**TASK OBJECTIVE:**
In the entries below, spot each line with the word "Figure" and copy it.

**GIVEN RECORDS:**
───

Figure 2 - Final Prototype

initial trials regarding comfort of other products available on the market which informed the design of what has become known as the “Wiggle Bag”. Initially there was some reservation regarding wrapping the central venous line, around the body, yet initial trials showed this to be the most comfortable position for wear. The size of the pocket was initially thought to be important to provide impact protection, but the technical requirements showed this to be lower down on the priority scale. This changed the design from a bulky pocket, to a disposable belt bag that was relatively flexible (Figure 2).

───

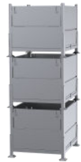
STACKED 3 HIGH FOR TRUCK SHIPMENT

───

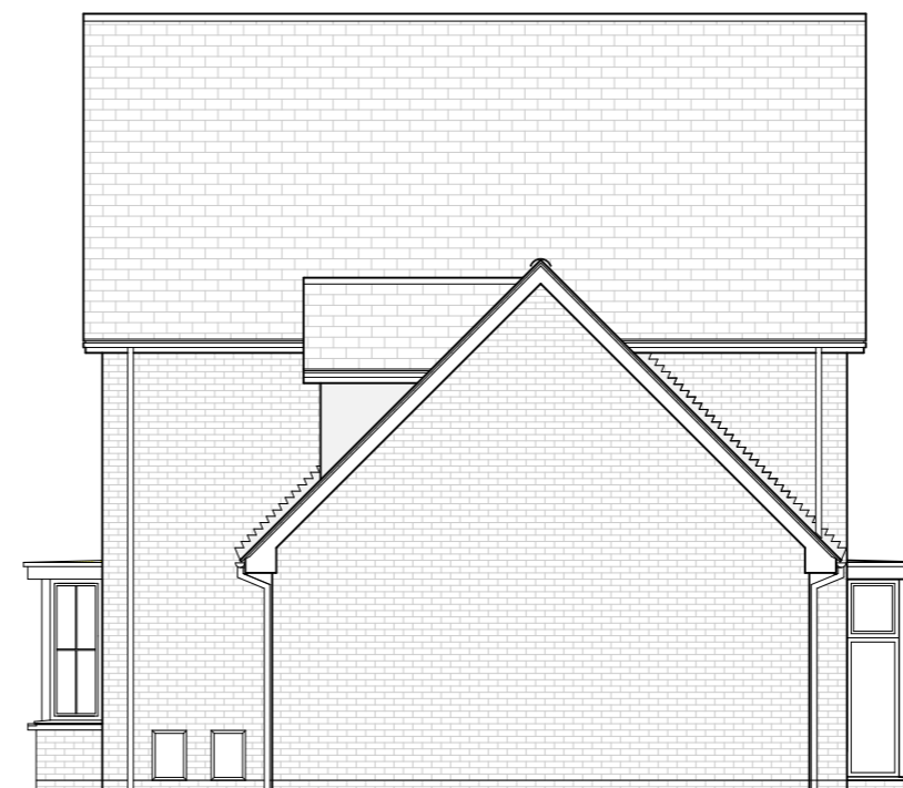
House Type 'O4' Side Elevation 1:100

───

**WRITTEN REPLY:**
Figure 2 - Final Prototype
initial trials regarding comfort of other products available on the market which informed the design of what has become known as the “Wiggle Bag”. Initially there was some reservation regarding wrapping the central venous line, around the body, yet initial trials showed this to be the most comfortable position for wear. The size of the pocket was initially thought to be important to provide impact protection, but the technical requirements showed this to be lower down on the priority scale. This changed the design from a bulky pocket, to a disposable belt bag that was relatively flexible (Figure 2).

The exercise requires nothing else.